### Items from a data source
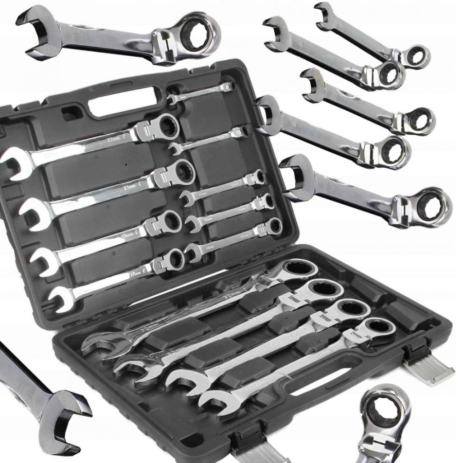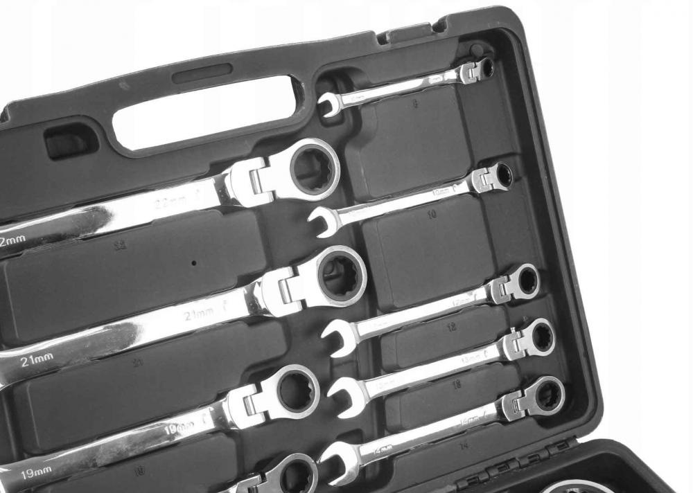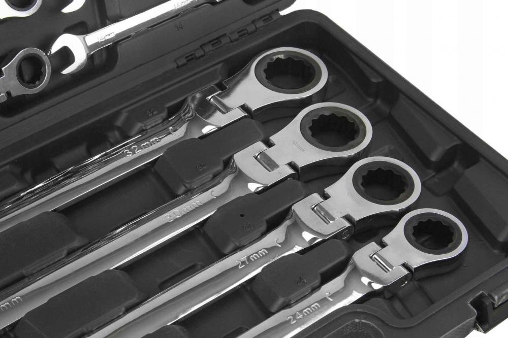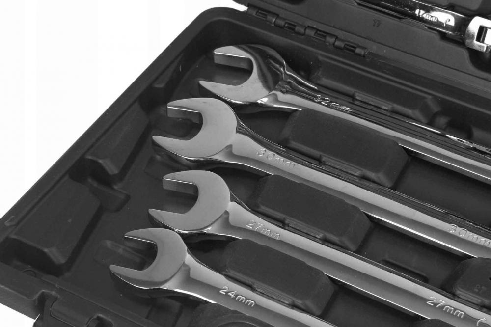 Sada kombinovaných kľúčov s račňou (72 zubov, 8-32 mm) vyrobená z odolnej chróm-vanádiovej ocele (CrV). Použitie vhodné v profesionálnych dielňach pre automobily, ako aj v domácich garážach. Kľúče sú umiestnené v hliníkovom kufríku.
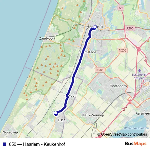 The first stop of the 850 bus route is Lisse, Keukenhof and the last stop is Haarlem, Station. 850 (Haarlem - Keukenhof) is operational during everyday.
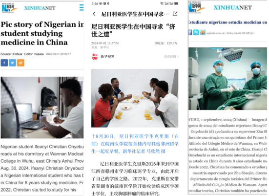国际学生柯林优秀事迹多次受到“新华社”等主流媒体报道
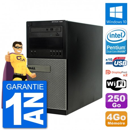 PC Dell Optiplex 7020 MT (Moyenne Tour) - Intel Dual-Core G3220 3.0 Ghz (3 Mo) - 4 Go DDR3 - Disque Dur 3,5" 250 Go - Graveur DVD - Clef Wifi USB - Windows 10 - Garantie 1 an.
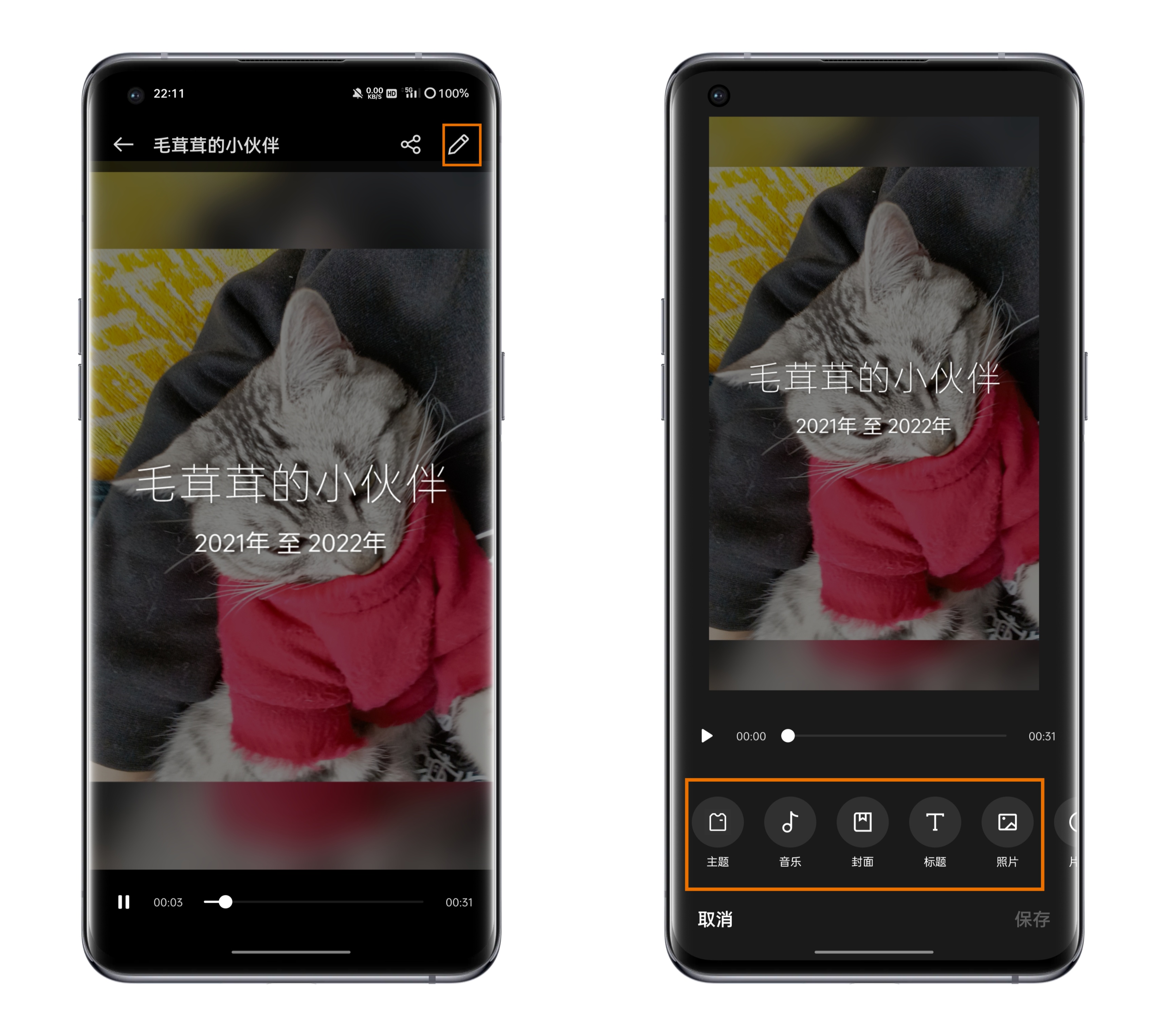 以为照片编辑完就可以了吗?不不不,我们还可以对其自动生成的视频进行修改,我们可以修改视频中的音乐、封面、标题、照片和片长等操作,当然,如果你觉得这样修改太麻烦,我们可以直接套用主题模板,里面有很多可以选择,完全可以满足你对视频的要求。
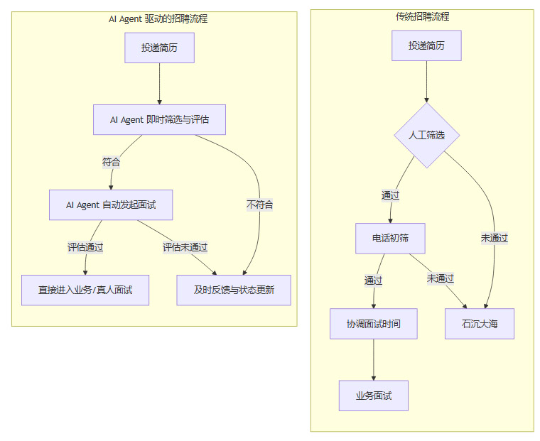 下面是一个简化的流程对比图,展示了 AI Agent 如何重构招聘流程。
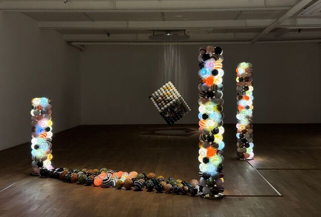 -À̹ø Àü½Ã¿¡´Â Àü¿¡ ¾ø´ø ½Ãµµ°¡ ³ª¿Ô´Ù. ´ç±¸°øÃ³·³ ¸Å²öÇÑ µÕ±Ù ÁÙ¹«´Ì ´ë¸®¼® µ¹ÀÌ °øÁß¿¡ ¸Å´Þ·Á ¼·Î ºÎµúÈ÷¸ç ÀºÀºÇÑ ¼Ò¸®°¡ ³ª´Â ÀÛǰµµ ÀÖ°í, ¾È¿¡ LED Á¶¸íÀÌ µé¾î°¡ µû½ºÇÑ ºÒºûÀÌ ³ª¿À´Â ´ë¸®¼® Á¶°¢µµ ÀÖ´Ù.
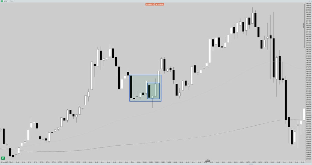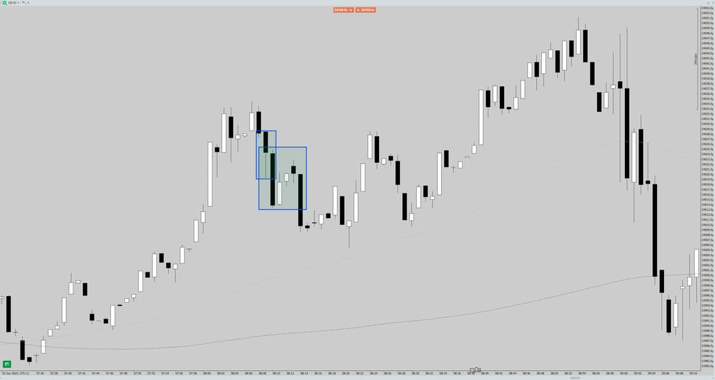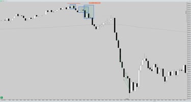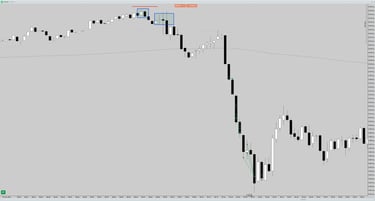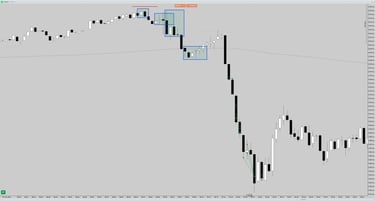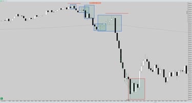 To czego się dzisiaj jeszcze nauczyłem wymaga opisania poniżej. Bo analizując cenę i oglądając jak to robią inni zauważyłem u siebie pewne błędy, które mogą rzutować na cały mój trading. Główne zmiany dotyczą czytania cen. Do tej pory traktowałem cenę z interwału m1 jako zbiór świec. Pewien ciąg znaków tworzących strukturę. Tymczasem zmienia się nieco perspektywa w momencie, gdy zaczynam czytać kolejno jedna po drugiej świecy. Na przykładzie tego co widać poniżej Opiszę swój tok myślenia w wersji 2.0 czyli zaktualizowanej.
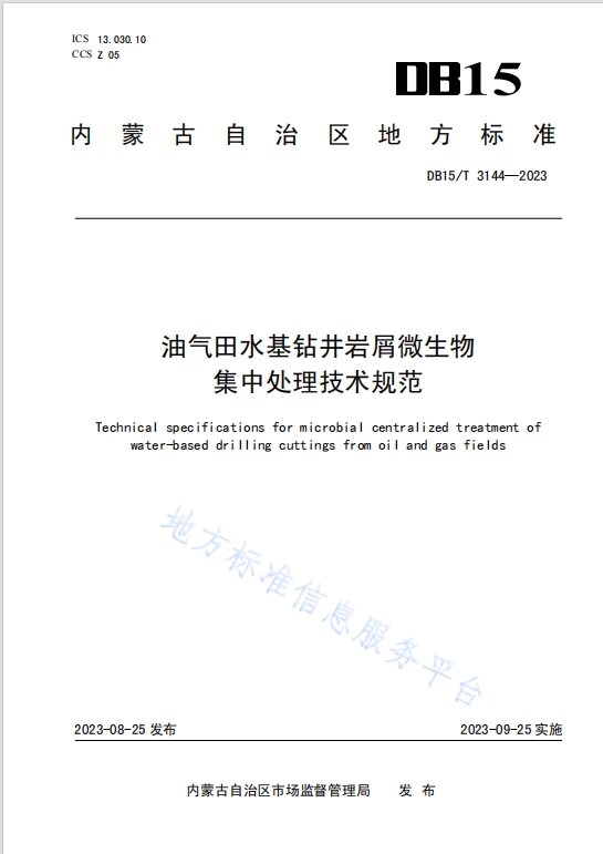 日前,由内蒙古恒盛环保科技工程有限公司参与编制的《压裂返排液集中处理技术规范》(DB15/T 3143-2023)、《油气田水基钻井岩屑微生物集中处理技术规范》(DB15/T 3144-2023)两项地方技术规范经内蒙古自治区市场监督管理局批准发布,2023年9月25日起正式发布施行。
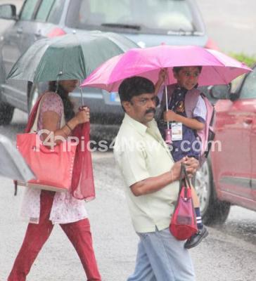 People using umbrella to protect from the rain at University quarters due to Heavy rain in the city in the early hours, in Bengaluru on Monday 24th September 2018
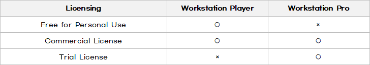 VMware Workstation Player 버전은 개인 사용자에 한하여 무료로 사용 할 수 있고 그외의 경우 상업용 라이선스를 구매해야 하며, VMware Workstation Pro 버전은 평가판으로 30일간 무료로 사용할 수 있는 트라이얼 버전으로도 배포 되지만, 기본적으로 개인 사용자도 라이선스를 구매하여 사용해야 합니다.

### REQUIREMENT
What is needed is an exact output of the records above, with every picture left out.

### ANSWER
 Sada kombinovaných kľúčov s račňou (72 zubov, 8-32 mm) vyrobená z odolnej chróm-vanádiovej ocele (CrV). Použitie vhodné v profesionálnych dielňach pre automobily, ako aj v domácich garážach. Kľúče sú umiestnené v hliníkovom kufríku.
 The first stop of the 850 bus route is Lisse, Keukenhof and the last stop is Haarlem, Station. 850 (Haarlem - Keukenhof) is operational during everyday.
国际学生柯林优秀事迹多次受到“新华社”等主流媒体报道
 PC Dell Optiplex 7020 MT (Moyenne Tour) - Intel Dual-Core G3220 3.0 Ghz (3 Mo) - 4 Go DDR3 - Disque Dur 3,5" 250 Go - Graveur DVD - Clef Wifi USB - Windows 10 - Garantie 1 an.
 以为照片编辑完就可以了吗?不不不,我们还可以对其自动生成的视频进行修改,我们可以修改视频中的音乐、封面、标题、照片和片长等操作,当然,如果你觉得这样修改太麻烦,我们可以直接套用主题模板,里面有很多可以选择,完全可以满足你对视频的要求。
 下面是一个简化的流程对比图,展示了 AI Agent 如何重构招聘流程。
 -À̹ø Àü½Ã¿¡´Â Àü¿¡ ¾ø´ø ½Ãµµ°¡ ³ª¿Ô´Ù. ´ç±¸°øÃ³·³ ¸Å²öÇÑ µÕ±Ù ÁÙ¹«´Ì ´ë¸®¼® µ¹ÀÌ °øÁß¿¡ ¸Å´Þ·Á ¼·Î ºÎµúÈ÷¸ç ÀºÀºÇÑ ¼Ò¸®°¡ ³ª´Â ÀÛǰµµ ÀÖ°í, ¾È¿¡ LED Á¶¸íÀÌ µé¾î°¡ µû½ºÇÑ ºÒºûÀÌ ³ª¿À´Â ´ë¸®¼® Á¶°¢µµ ÀÖ´Ù.
 To czego się dzisiaj jeszcze nauczyłem wymaga opisania poniżej. Bo analizując cenę i oglądając jak to robią inni zauważyłem u siebie pewne błędy, które mogą rzutować na cały mój trading. Główne zmiany dotyczą czytania cen. Do tej pory traktowałem cenę z interwału m1 jako zbiór świec. Pewien ciąg znaków tworzących strukturę. Tymczasem zmienia się nieco perspektywa w momencie, gdy zaczynam czytać kolejno jedna po drugiej świecy. Na przykładzie tego co widać poniżej Opiszę swój tok myślenia w wersji 2.0 czyli zaktualizowanej.
 日前,由内蒙古恒盛环保科技工程有限公司参与编制的《压裂返排液集中处理技术规范》(DB15/T 3143-2023)、《油气田水基钻井岩屑微生物集中处理技术规范》(DB15/T 3144-2023)两项地方技术规范经内蒙古自治区市场监督管理局批准发布,2023年9月25日起正式发布施行。
 People using umbrella to protect from the rain at University quarters due to Heavy rain in the city in the early hours, in Bengaluru on Monday 24th September 2018
 VMware Workstation Player 버전은 개인 사용자에 한하여 무료로 사용 할 수 있고 그외의 경우 상업용 라이선스를 구매해야 하며, VMware Workstation Pro 버전은 평가판으로 30일간 무료로 사용할 수 있는 트라이얼 버전으로도 배포 되지만, 기본적으로 개인 사용자도 라이선스를 구매하여 사용해야 합니다.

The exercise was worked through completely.